Go to the first, previous, next, last section, table of contents.

Miscellanea

These are just some random thoughts of mine. Your mileage may vary.

Limitations of the compressed file format

bzip2-0.9.5 and 0.9.0 use exactly the same file format as the previous version, bzip2-0.1. This decision was made in the interests of stability. Creating yet another incompatible compressed file format would create further confusion and disruption for users.

Nevertheless, this is not a painless decision. Development work since the release of bzip2-0.1 in August 1997 has shown complexities in the file format which slow down decompression and, in retrospect, are unnecessary. These are:

The run-length encoder, which is the first of the compression transformations, is entirely irrelevant. The original purpose was to protect the sorting algorithm from the very worst case input: a string of repeated symbols. But algorithm steps Q6a and Q6b in the original Burrows-Wheeler technical report (SRC-124) show how repeats can be handled without difficulty in block sorting.
The randomisation mechanism doesn't really need to be there. Udi Manber and Gene Myers published a suffix array construction algorithm a few years back, which can be employed to sort any block, no matter how repetitive, in O(N log N) time. Subsequent work by Kunihiko Sadakane has produced a derivative O(N (log N)^2) algorithm which usually outperforms the Manber-Myers algorithm. I could have changed to Sadakane's algorithm, but I find it to be slower than bzip2's existing algorithm for most inputs, and the randomisation mechanism protects adequately against bad cases. I didn't think it was a good tradeoff to make. Partly this is due to the fact that I was not flooded with email complaints about bzip2-0.1's performance on repetitive data, so perhaps it isn't a problem for real inputs. Probably the best long-term solution, and the one I have incorporated into 0.9.5 and above, is to use the existing sorting algorithm initially, and fall back to a O(N (log N)^2) algorithm if the standard algorithm gets into difficulties.
The compressed file format was never designed to be handled by a library, and I have had to jump though some hoops to produce an efficient implementation of decompression. It's a bit hairy. Try passing decompress.c through the C preprocessor and you'll see what I mean. Much of this complexity could have been avoided if the compressed size of each block of data was recorded in the data stream.
An Adler-32 checksum, rather than a CRC32 checksum, would be faster to compute.
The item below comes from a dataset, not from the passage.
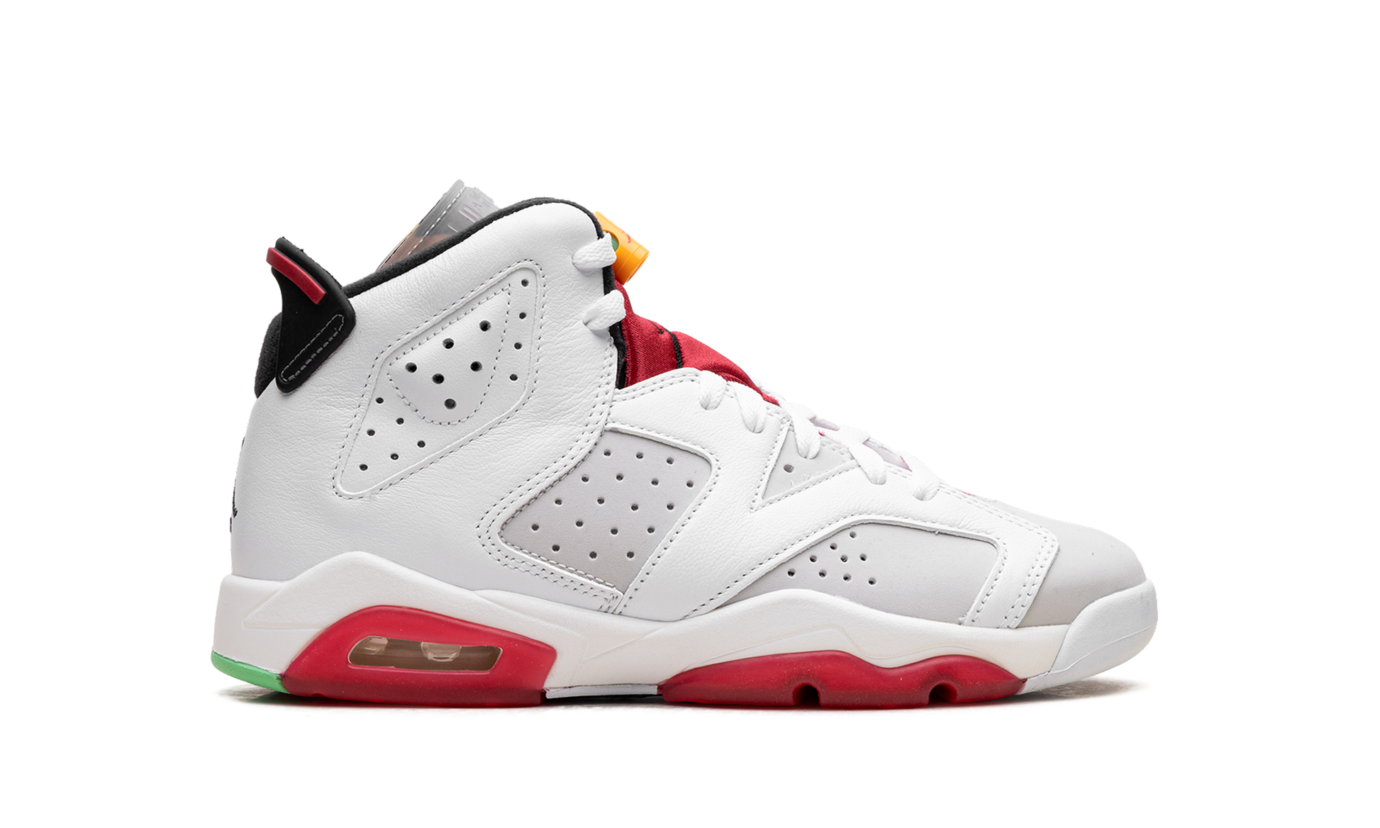 The Air Jordan 6 GS “Hareâ€?is the grade school youth sizing of the shoe that pays homage to another classic Jordan model: the original Air Jordan 7 “Hare.â€?The early '90s design gained popularity thanks to the memorable television commercials starring Michael Jordan and Bugs Bunny and. now. reappears with a modern twist as Jordan Brand honors the legacy of “His Airness'â€?sneaker collection. A light grey perforated synthetic nubuck material forms the base of the shoe. appearing on the mid-panel and toe. White leather overlays along the forefoot. mid-panel. and heel are accented by the red neoprene lace cover with black Jumpman branding. A multicolor geometric pattern is placed below the clear rubber tongue. Additional styling cues include an orange and green lace lock that resembles a carrot. an embroidered black Jumpman on the heel. and red translucent rubber detailing on the sole. Release date: June 12. 2020.
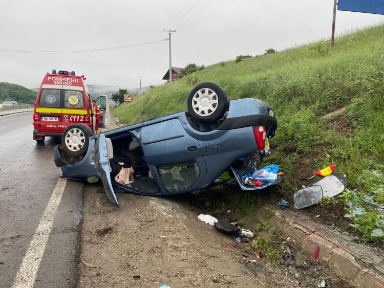 O mașină s-a răsturnat la ieșire din Vâlcele, pe drumul spre Cluj-Napoca - FOTO

It would be fair to say that the bzip2 format was frozen before I properly and fully understood the performance consequences of doing so.

Improvements which I was able to incorporate into 0.9.0, despite using the same file format, are:

Single array implementation of the inverse BWT. This significantly speeds up decompression, presumably because it reduces the number of cache misses.
Faster inverse MTF transform for large MTF values. The new implementation is based on the notion of sliding blocks of values.
bzip2-0.9.0 now reads and writes files with fread and fwrite; version 0.1 used putc and getc.